Now the LIDAR had to know where Skylab was exactly.
The guidance system proceeded by a series of steps. First, the Agena pivoted to an angle so that it faced the target, not its side or its ass. The hemispheric correction achieved, a large antenna sprouted, scanning the sky to locate the target with more precision - range and range-rate cascaded across space, to the brain microchips. In response the Agena rapidly slid close to its target, and literally flew around it, gathering more information in the process before going the final moves of this eerie space ballet - final approach and docking !
Only 200m away did the Agena stopped again; final decision belonged to the ground. And it was positive, so the Agena moved again toward its target at a snail pace, the two space vehicles still chatting in their electronic gobbledygook.
As it closed from Skylab the Agena extended its 50 feet long robotic arm. Four years earlier, in February 1974 the departing Skylab 4 crew had bolted a grapple fixture near the front docking port. The Agena was to catch the grapple with its arm, and then flex the arm inwards to dock itself with the old space station. The maneuver was complex but it was a complete success.
Now the seven ton, diminutive Agena would face the daunting task of bringing the much heavier workshop down into Earth atmosphere.
It was really David against Goliath.
The Agena fired its small control thrusters many times – not even its main Bell engine, which brute force might have broken the workshop. That brought the orbit down to a hundred of miles. The Agena renewed its fight against the dead Skylab again and again, lowering the orbit further. The Agena was helped by the atmosphere; both plotted to diminish the workshop speed below orbital velocity. The result would be an immediate return to Earth. Loss of speed was minimal, 50 meter per second, but Skylab was already doomed.

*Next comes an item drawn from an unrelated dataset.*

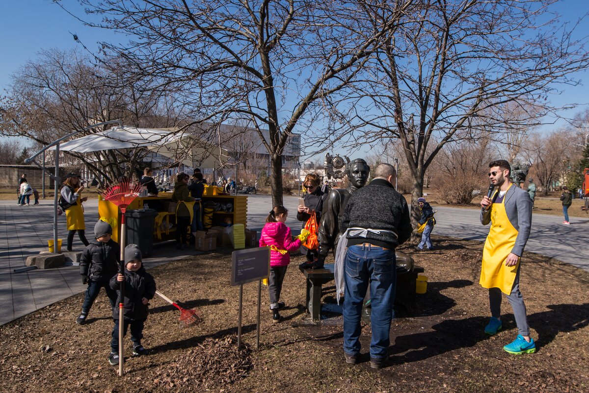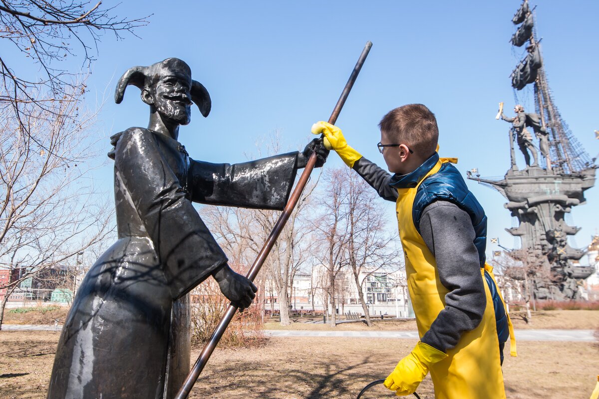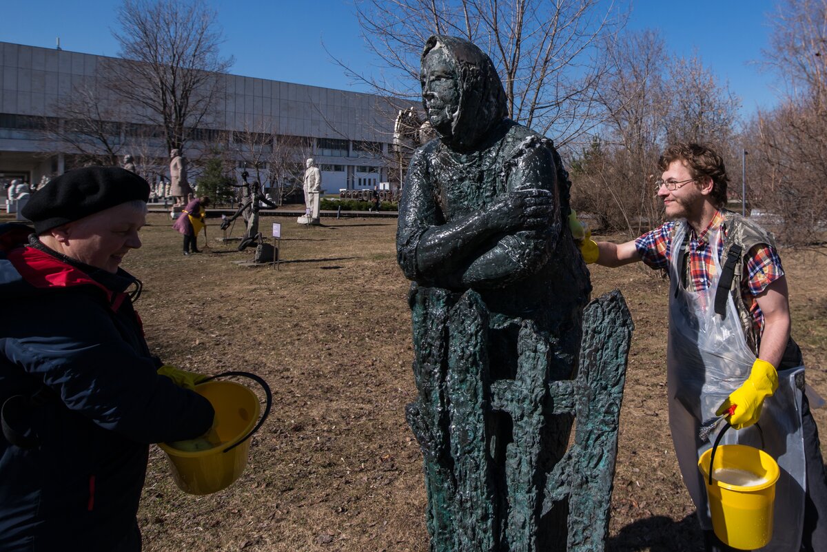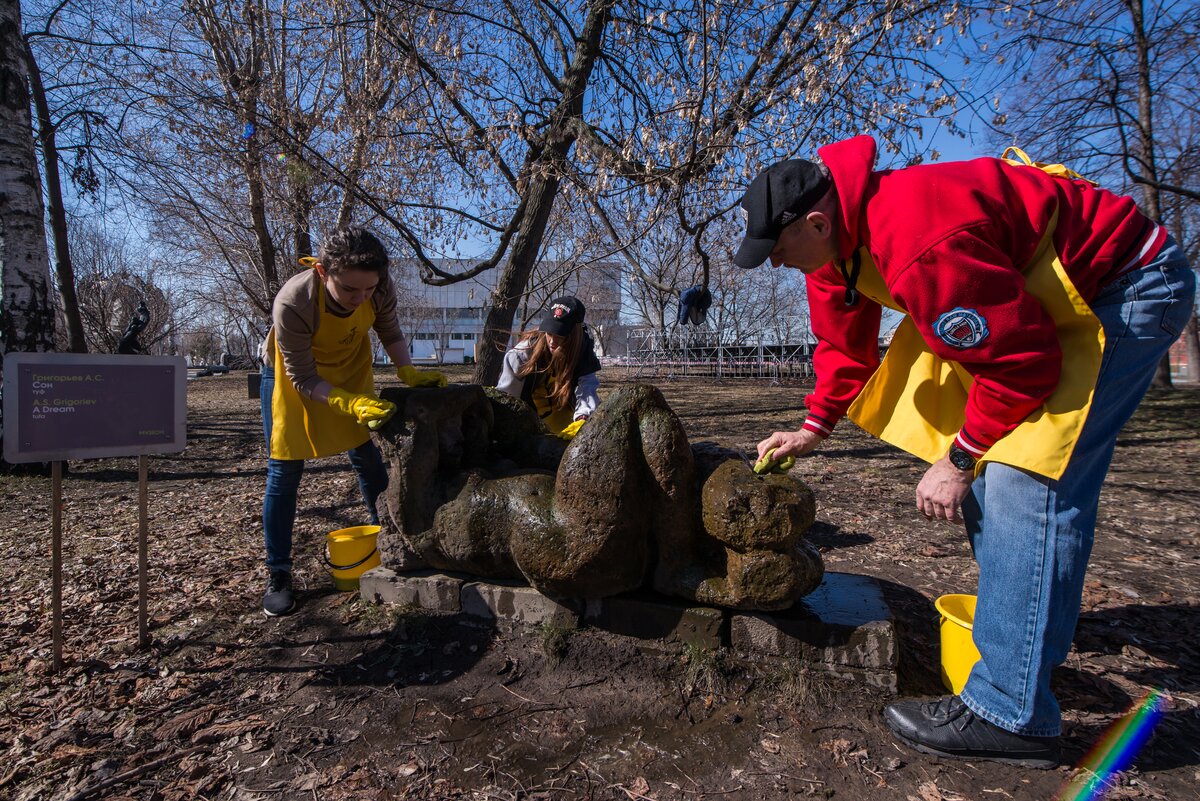 В субботу, 14 апреля, в Музеоне прошел ежегодный субботник. Как и в прошлом году, акцию "Головомойка" провело Общество желтых ведерок – открытый клуб борцов за чистоту искусства, существующий на базе Парка Горького. Миссия Общества – расчистить Парк от зимней серости и освободить дорогу весне. Проект подготовлен совместно с Мосгорпарком.

And the Agena, its mission accomplished, would burn with it. Their graveyard would be a wet place: NASA controllers had picked an area 2,000 miles south-east of Fiji, far from any shipping lanes. The Agena last burn ended at 3:45 a.m. EDT; the workshop and its executioner went into an end-over-end spin, a fiery and deadly waltz.
Skylab had one more trick up its sleeve, however -one that gave flight controllers some anxious moments on the last orbit. They expected the cluster to come apart before it passed over the Atlantic ocean., but radar operators in Madrid reported only a single image. Over Indian Ocean the workshop still had not broken up; a NORAD imaging radar clearly showed that even the fragile solar arrays were still intact. But the telemetry was faltering and stopped entirely as the craft passed south of Australia. It finally fell in the South Pacific, only 1500 km from the cost of Peru.